There must be a rule somewhere that says everything in life must be stranger and more complicated than it really needs to be.
If there is such an ancient edict handed down through the ages, like an amulet that we can't shed, one that's still mysteriously holding sway over us, then our days suddenly go from inexplicable to predictable.
Sometimes The Curse, or whatever, has a sense of humor.

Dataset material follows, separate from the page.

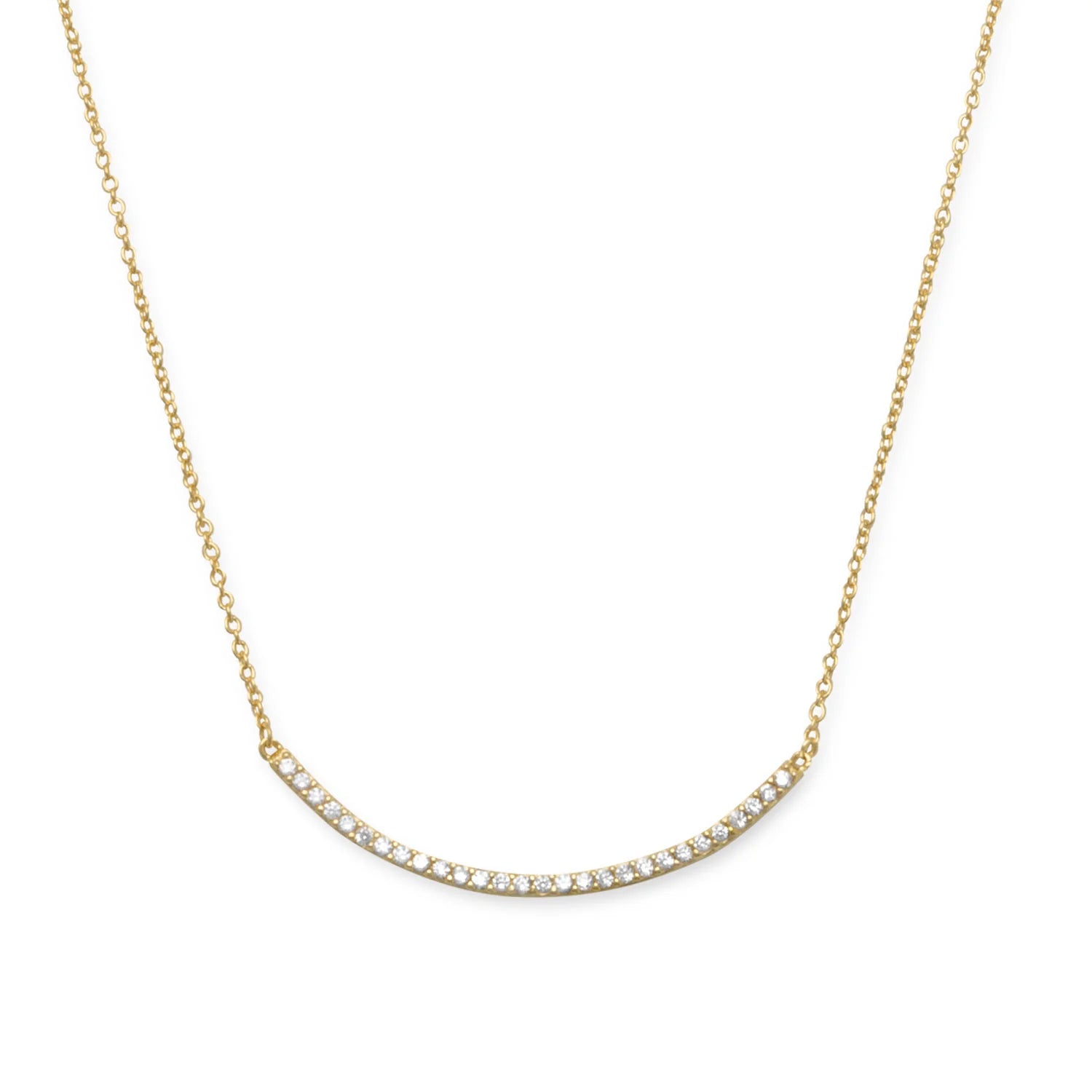 14 Karat Gold Plated Sterling Silver Curved CZ Bar Necklace, 18 Inch with 2 Inch Extension, Lobster Clasp

Other times it is as likely to trip you on the way by as it is to sneer and growl at you, no longer playfully waggling its fingers, its thumb parked on its nose.
For example: Senate Minority Leader Mitch McConnell was caught up in his own web of arcane legislative tripwires, traps, and tangles, and was forced to filibuster himself.

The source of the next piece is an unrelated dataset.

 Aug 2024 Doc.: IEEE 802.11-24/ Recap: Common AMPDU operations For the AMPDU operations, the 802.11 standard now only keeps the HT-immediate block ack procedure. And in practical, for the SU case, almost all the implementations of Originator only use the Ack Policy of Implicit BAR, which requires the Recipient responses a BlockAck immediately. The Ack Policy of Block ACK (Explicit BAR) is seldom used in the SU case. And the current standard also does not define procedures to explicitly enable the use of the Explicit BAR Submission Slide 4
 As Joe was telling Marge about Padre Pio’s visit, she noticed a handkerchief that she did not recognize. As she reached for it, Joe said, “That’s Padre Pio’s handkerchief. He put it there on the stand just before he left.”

(Don't look -- the man has no shame: He did it right out in public and everything.)
There's a blow-by-blow account of how this came to pass, if you're interested, in the link down below. I did a pre-dawn run through it once (before application of the miracle drug, coffee) and retained about half of it. I decided not to press my luck with further details at that hour. Or since.
After all, I am a subscriber to a number of standard, civilized beliefs. One of these is that no one should awaken to the sound of Congressional debt ceiling battles, unless you really enjoy the sound of chainsaws carving up sheets of galvanized tin.
I moved on, rather than dwell on the dance steps required to bump into oneself, nicely satisfied that an oddball thing like a self-filibuster was not only possible, but that Mr. Filibuster himself, McConnell, would be hoist on his own perpetually-and-overused petard.